10-13 Bridal Showers and Bachelor Parties, Pentecost Style
The groom sharing out mats. |
I’ve written about the red mat ceremonies a bit before and it many ways this was more of the same. The bride and groom had to give red mats to their father’s brothers and sisters. To get enough mats, they had to ask their mother’s brothers and sisters for help. This is the normal web of debts here.
The ‘bridal shower’ part of things. Those are the standard gifts given to women when they are married. |
The next day, we repeated the whole thing for the bride, with a few variations. It was her las kakaeor farewell feast, which is sort of the equivalent of a bridal shower or maybe a funeral. Before cell phones and easy transit, the women who were married away from their villages went and probably didn’t come back. Travel was too difficult and there was a high maternal mortality, so for many of the people in the village, the girl who was leaving was going forever. So, the communal meal had a more organized feel to it. Rather than everyone getting a leaf of food and finding a convenient piece of ground to eat on, we laid out coconut leaves in the nakamal, brought plates and silverware and sat down to a giant family meal.
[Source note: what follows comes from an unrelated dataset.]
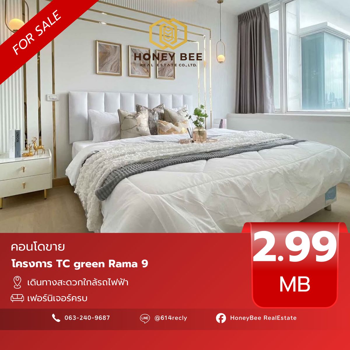 TC Green Rama 9, fully furnished, excellent condition, beautiful room 🔥 📍Code BH02 ✨For sale at only 1,899,000 baht ☀️Details - 30 sq m - 2nd floor, Building B - Studio 📲 Interested in making an appoi

Leslyn, covered in baby powder, with the tags for the mats. |
Leslyn, her parents and one of her mamas spent almost 3 hours matching names to mats. We kept getting interrupted by Leslyn needing to breastfeed her 3-month-old or by the 22-month-old waking up from her nap screaming, but all in all I think it went smoothly. They had prepared a list of people they wanted to give mats to which they matched with the pile of mats they’d just been given. The value of a mat varies based on how much ‘hair’ (fringe) it has, how well the dye took, if it has any damage, how well cut the pattern is, if there are yellow-orange strips in the fringe and the weaving of the mat itself. The more important the relationship is, the higher value mat they get. So, the men and women who have looked after Leslyn since she was a child get high-value mats, except they often contributed a mat or two as well, in which case they get a thank you mat which does not have to be high-value. Any family who has taken rank in the chief system gets a higher value mat while younger or unranked people get lower value mats. People who live further away don’t necessarily get low-value mats but if they didn’t show up to the las kakae, they might get booted down on the importance list. The priority ranking was truly baffling.
HUGE heap of mats. |
By the end of the 3 hours, we had 108 labeled mats and 3 deemed unacceptable to give out. We then had to go back through that huge stack of mats and double check the names to be sure that no one was forgotten. They checked the two lists against each other and we were off, back up to the nakamal.
Halfway done, half still to go out. |
The sharing of red mats is not necessarily supposed to happen back-to-back like that, but because the villages are geographically close and relationally close, they did them together. That way families related to both the girl and the boy only had to come once. Don’t think too hard about families being related to both the bride and groom. It is a small island with complex family structures that extend out to third and fourth cousins.